WeeklyWorker

16.11.2017

Both sides of the witch-hunt

It is not anti-Semitic to refer to the mutual praise exchanged between the Nazis and Zionists. Tony Greenstein examines the AWL’s political schizophrenia

If there is one thing that the Zionist movement hates, it is being reminded of the time 80 years ago when leading Nazis not only praised the German Zionist movement, but also favoured it in preference to their ‘assimilationist’ opponents.

Why then do I mention it? Is it calculated cruelty? Have the Zionists changed their spots? No, the Zionist movement today is still willing to collaborate with fascists, Nazis and assorted anti-Semites. Whether it is the Zionist Organisation of America inviting Steve Bannon - the editor of Breitbart News, house magazine of the alt-right - to their annual gala1 or the visit in July by Binyamin Netanyahu to see his good friend, Hungarian prime minister Viktor Orbán. Orbán is the most racist leader in Europe (and the competition is quite strong). I have previously pointed out that, “Far from Netanyahu criticising him [Orbán] for his anti-Semitism, quite the opposite took place and Israel’s ambassador in Hungary, Yossi Amrani, was forced to withdraw his mild criticisms.”2

Shortly before Netanyahu landed in Hungary, Orbán had launched a nasty anti-Semitic campaign against George Soros, a survivor of the Nazi occupation of Hungary - who Netanyahu also hates, because he finances Israeli human rights groups. I wrote: “His real crime has been the campaign by Orbán and his Fidesz party to rehabilitate admiral Miklós Horthy, Hungary’s ruler between 1920 and 1944 and the author of Hungary’s wartime alliance with Nazi Germany.”3 Horthy presided over the deportation of nearly half a million Jews to Auschwitz, but that little fact did not get in the way of Netanyahu’s love-in with Orbán.

However, according to the misnamed Alliance for Workers’ Liberty, we are “left anti-Semites” for raising such matters (see Dale Street’s Solidarity article, reproduced below).

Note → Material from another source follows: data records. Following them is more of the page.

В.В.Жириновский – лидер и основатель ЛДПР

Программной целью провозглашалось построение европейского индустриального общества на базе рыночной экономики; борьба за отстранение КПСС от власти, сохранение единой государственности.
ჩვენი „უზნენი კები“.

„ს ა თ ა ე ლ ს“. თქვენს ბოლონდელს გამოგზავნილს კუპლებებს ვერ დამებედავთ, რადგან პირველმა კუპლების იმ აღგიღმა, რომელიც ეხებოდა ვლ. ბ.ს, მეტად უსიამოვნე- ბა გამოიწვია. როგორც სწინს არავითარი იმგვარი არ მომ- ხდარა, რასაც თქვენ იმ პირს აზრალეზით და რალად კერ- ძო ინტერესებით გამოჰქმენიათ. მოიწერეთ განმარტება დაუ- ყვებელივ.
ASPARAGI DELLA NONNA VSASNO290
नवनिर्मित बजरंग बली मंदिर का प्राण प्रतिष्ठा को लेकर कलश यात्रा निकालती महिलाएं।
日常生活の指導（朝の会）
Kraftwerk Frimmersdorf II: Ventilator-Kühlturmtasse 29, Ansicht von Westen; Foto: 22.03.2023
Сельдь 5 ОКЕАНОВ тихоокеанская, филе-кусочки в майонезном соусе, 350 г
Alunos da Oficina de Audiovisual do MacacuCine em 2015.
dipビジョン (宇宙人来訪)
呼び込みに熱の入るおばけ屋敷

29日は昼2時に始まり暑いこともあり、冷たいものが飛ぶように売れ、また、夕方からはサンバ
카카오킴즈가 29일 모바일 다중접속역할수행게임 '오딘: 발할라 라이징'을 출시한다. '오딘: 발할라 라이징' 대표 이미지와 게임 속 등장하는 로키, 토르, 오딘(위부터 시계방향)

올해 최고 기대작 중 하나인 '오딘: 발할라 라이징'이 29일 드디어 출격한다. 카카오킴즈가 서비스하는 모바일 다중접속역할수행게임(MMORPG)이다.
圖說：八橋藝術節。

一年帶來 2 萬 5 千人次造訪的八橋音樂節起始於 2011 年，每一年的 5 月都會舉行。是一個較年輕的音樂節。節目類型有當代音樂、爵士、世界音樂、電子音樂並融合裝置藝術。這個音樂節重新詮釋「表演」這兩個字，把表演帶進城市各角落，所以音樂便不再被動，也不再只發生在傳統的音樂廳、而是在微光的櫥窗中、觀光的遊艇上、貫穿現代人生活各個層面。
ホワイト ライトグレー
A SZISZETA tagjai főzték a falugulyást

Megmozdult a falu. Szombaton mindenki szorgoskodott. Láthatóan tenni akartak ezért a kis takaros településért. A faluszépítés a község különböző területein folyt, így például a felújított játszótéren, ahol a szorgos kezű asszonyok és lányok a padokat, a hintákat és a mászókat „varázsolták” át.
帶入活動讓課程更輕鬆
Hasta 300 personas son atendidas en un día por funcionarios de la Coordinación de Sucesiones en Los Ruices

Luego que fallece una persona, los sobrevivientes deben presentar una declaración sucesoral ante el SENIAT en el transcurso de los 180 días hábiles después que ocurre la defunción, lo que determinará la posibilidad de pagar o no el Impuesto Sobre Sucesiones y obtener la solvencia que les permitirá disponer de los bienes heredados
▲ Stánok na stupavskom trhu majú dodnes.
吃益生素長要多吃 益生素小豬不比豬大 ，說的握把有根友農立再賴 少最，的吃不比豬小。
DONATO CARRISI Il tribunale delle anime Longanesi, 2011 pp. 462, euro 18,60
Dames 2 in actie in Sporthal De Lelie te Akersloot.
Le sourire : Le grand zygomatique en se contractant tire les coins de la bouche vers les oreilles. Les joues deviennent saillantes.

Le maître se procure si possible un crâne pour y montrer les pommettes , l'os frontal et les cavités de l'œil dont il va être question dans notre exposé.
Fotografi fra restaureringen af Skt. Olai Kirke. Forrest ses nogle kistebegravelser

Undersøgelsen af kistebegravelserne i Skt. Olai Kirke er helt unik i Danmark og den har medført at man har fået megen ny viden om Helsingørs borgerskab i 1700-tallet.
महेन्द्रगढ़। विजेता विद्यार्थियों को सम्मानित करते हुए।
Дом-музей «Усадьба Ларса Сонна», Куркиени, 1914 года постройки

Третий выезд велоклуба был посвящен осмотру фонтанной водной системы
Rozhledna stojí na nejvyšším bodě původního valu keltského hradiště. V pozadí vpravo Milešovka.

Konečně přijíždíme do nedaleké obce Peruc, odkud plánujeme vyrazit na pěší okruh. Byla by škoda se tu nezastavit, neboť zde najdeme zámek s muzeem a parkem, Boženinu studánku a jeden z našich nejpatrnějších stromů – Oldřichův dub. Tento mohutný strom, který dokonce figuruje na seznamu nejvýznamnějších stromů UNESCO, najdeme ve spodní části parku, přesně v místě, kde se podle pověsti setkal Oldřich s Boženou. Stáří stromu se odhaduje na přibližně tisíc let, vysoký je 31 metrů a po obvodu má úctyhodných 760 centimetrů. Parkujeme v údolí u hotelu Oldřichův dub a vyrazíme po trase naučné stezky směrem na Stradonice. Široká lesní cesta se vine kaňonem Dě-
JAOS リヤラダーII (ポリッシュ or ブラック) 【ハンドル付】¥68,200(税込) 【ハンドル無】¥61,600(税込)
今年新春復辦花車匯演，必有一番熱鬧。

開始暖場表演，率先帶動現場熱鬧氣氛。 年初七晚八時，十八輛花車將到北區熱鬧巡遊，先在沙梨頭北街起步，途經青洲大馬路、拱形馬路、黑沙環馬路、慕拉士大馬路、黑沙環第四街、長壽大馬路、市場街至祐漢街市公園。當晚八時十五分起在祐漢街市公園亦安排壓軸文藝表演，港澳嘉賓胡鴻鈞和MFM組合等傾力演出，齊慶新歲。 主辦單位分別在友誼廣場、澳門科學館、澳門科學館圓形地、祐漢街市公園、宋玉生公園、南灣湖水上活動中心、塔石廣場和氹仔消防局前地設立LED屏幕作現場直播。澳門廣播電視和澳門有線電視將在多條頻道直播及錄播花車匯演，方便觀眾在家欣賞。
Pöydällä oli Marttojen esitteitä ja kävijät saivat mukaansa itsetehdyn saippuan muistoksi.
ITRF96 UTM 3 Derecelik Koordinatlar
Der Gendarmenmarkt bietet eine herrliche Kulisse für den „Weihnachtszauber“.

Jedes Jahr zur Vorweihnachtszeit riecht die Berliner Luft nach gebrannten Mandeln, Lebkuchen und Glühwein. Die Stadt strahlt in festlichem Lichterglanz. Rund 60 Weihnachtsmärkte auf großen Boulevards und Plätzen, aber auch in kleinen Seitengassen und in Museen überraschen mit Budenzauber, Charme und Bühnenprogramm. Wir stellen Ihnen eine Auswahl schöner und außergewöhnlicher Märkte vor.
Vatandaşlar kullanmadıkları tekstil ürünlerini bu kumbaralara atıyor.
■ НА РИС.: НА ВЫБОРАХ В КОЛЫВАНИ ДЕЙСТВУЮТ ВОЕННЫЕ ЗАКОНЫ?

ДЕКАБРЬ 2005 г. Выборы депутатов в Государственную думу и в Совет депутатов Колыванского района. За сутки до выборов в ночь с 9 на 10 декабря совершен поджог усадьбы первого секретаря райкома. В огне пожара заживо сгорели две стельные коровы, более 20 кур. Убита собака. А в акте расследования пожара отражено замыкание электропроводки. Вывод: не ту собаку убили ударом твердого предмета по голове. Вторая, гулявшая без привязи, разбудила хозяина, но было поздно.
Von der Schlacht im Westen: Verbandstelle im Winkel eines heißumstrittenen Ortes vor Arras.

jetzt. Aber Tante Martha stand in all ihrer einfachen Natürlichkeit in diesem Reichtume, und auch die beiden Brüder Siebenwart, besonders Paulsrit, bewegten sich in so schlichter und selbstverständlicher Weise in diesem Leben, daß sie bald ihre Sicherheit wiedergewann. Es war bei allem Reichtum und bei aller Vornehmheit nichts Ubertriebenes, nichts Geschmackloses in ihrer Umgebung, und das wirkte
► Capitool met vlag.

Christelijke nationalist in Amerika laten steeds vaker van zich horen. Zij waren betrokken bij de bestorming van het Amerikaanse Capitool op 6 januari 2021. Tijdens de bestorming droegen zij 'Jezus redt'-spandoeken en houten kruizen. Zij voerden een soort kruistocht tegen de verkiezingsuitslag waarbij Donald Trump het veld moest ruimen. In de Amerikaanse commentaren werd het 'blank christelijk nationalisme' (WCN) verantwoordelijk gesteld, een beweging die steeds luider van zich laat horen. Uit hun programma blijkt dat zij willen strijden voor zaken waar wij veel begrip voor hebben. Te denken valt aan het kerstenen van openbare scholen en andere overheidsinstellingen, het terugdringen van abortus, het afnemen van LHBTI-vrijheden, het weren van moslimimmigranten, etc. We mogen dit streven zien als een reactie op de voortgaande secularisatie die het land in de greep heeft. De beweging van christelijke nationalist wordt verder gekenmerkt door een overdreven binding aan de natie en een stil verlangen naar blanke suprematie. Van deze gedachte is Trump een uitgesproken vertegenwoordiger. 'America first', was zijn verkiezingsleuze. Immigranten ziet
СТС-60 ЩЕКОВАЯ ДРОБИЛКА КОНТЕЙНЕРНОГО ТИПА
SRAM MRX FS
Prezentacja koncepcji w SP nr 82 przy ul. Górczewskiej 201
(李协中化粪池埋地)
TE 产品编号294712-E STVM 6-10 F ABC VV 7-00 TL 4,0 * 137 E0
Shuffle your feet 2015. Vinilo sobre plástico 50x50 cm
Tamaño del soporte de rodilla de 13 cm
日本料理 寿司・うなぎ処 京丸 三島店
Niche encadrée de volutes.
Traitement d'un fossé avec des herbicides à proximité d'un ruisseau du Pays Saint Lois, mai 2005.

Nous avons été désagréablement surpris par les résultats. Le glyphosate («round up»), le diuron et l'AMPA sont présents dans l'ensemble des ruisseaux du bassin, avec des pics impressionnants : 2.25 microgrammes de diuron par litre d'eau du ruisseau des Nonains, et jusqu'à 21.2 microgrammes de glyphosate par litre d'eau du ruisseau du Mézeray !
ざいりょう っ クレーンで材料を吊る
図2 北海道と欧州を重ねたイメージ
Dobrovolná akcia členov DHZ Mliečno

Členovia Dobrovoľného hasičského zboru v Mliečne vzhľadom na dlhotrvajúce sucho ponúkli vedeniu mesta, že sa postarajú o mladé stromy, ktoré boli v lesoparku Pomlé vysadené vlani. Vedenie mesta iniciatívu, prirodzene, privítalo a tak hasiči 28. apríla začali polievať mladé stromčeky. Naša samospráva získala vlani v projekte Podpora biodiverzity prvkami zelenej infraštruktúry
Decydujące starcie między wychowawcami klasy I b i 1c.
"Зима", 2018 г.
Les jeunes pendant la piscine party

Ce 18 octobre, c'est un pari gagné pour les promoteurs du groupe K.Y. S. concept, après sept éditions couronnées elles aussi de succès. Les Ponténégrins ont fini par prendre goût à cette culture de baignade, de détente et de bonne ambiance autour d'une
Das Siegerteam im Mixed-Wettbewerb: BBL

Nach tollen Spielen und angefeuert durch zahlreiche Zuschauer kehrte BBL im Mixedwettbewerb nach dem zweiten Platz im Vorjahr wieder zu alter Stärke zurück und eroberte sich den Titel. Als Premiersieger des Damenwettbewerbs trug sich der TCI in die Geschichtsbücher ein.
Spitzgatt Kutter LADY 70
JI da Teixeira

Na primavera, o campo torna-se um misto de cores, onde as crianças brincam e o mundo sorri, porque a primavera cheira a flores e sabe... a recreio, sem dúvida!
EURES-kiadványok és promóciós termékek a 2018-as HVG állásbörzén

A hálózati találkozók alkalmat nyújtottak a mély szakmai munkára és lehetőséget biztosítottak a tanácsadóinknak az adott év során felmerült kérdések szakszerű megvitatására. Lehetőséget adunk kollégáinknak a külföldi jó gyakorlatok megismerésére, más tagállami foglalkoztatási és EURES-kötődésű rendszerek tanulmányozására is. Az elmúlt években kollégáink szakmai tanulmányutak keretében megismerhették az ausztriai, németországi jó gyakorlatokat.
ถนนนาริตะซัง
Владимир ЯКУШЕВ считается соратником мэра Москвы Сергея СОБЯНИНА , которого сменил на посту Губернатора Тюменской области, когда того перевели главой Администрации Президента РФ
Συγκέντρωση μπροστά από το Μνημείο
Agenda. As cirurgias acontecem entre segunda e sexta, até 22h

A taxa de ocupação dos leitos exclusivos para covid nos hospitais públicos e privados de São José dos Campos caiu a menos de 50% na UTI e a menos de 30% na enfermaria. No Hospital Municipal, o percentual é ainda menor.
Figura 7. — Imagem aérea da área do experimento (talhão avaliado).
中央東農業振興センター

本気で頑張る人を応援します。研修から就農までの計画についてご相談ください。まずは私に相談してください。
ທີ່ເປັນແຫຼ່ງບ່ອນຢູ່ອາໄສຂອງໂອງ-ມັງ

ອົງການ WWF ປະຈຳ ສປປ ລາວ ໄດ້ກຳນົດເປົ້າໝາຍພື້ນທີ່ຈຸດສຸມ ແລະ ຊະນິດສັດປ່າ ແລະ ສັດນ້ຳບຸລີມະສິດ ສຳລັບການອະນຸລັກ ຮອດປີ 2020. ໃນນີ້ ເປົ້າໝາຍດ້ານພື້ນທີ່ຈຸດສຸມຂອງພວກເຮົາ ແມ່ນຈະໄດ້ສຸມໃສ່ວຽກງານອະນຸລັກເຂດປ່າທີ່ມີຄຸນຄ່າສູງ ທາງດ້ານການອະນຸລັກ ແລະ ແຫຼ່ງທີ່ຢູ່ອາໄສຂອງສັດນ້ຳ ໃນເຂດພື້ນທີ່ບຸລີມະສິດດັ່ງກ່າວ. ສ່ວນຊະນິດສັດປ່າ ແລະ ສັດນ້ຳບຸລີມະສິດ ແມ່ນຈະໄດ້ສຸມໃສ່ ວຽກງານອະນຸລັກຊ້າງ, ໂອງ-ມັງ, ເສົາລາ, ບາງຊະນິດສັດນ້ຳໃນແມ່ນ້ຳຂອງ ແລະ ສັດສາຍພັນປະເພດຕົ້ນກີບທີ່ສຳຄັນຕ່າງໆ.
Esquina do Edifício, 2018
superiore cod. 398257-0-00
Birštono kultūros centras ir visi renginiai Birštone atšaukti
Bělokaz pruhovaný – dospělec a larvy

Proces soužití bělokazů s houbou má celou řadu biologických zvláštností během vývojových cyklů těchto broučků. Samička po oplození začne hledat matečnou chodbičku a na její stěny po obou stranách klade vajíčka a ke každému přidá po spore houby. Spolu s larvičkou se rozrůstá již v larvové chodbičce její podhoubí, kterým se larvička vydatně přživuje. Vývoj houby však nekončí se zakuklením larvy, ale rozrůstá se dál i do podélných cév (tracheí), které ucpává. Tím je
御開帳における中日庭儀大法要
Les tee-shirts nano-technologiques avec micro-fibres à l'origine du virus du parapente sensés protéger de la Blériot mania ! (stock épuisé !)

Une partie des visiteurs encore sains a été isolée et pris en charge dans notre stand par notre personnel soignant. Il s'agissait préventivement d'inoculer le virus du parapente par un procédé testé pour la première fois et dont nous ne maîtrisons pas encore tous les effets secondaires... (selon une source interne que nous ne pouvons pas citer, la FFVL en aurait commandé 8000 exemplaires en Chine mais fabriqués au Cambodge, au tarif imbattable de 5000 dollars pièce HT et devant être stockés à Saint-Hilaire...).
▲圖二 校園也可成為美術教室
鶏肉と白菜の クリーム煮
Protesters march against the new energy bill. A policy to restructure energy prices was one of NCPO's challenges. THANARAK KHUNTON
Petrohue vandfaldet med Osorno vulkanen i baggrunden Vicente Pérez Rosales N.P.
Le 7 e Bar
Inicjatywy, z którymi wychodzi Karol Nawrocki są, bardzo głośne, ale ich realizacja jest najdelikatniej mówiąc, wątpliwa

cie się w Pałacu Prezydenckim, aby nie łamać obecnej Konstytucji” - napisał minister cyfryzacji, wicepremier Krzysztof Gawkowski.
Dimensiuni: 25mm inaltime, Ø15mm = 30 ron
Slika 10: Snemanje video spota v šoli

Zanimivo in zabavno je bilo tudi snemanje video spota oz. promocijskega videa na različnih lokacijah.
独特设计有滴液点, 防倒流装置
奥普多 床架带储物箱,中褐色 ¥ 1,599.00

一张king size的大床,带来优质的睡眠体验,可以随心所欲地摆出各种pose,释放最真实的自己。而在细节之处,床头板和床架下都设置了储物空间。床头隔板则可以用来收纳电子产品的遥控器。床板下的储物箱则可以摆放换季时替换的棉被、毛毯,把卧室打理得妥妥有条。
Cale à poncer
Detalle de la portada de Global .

On the contrary, it is the AWL which is demonstrating that it consists of a bunch of social chauvinists and apologists for the racist crimes of imperialism and Zionism.

Edwin Black, a devoted Zionist has written the most comprehensive book on the Nazi-Zionist trade agreement (the Ha’avara)that helped destroy the Jewish and international boycott of Nazi Germany.4 Black describes how on March 25 1933 Hermann Göring, panicked by the success of the boycott, summoned the leaders of German Jewry to his offices. At the last moment the Zionists secured an invitation. The three non-Zionist Jewish leaders denied that they had any influence over the boycott campaign in America (although they could not say it, they welcomed the pressure on the Nazis - it was this which had kept Nazi violence against Germany’s Jews in check). Black describes what happened next:

Blumenfeld [secretary of the German Zionist Federation] stepped forward on behalf of the Zionists, declaring that the German Zionist Federation was uniquely capable of conferring with Jewish leaders in other countries … Once uttered, the words forever changed the relationship between the Nazis and the Zionists.5

The Zionists, unlike the non-Zionists, were prepared to do their best to help the Nazis defeat the boycott - if in turn the Nazis would help them build a Jewish state in Palestine.

Why is this relevant? Because today, as fascist groups and racism (including anti-Semitism) are on the rise in eastern Europe and elsewhere, the Israeli state and its leaders have the friendliest of relations with not only Orbán, but other racist and anti-Semitic regimes - for example, Polish prime minister Beata Szydło of the far-right Law and Justice party.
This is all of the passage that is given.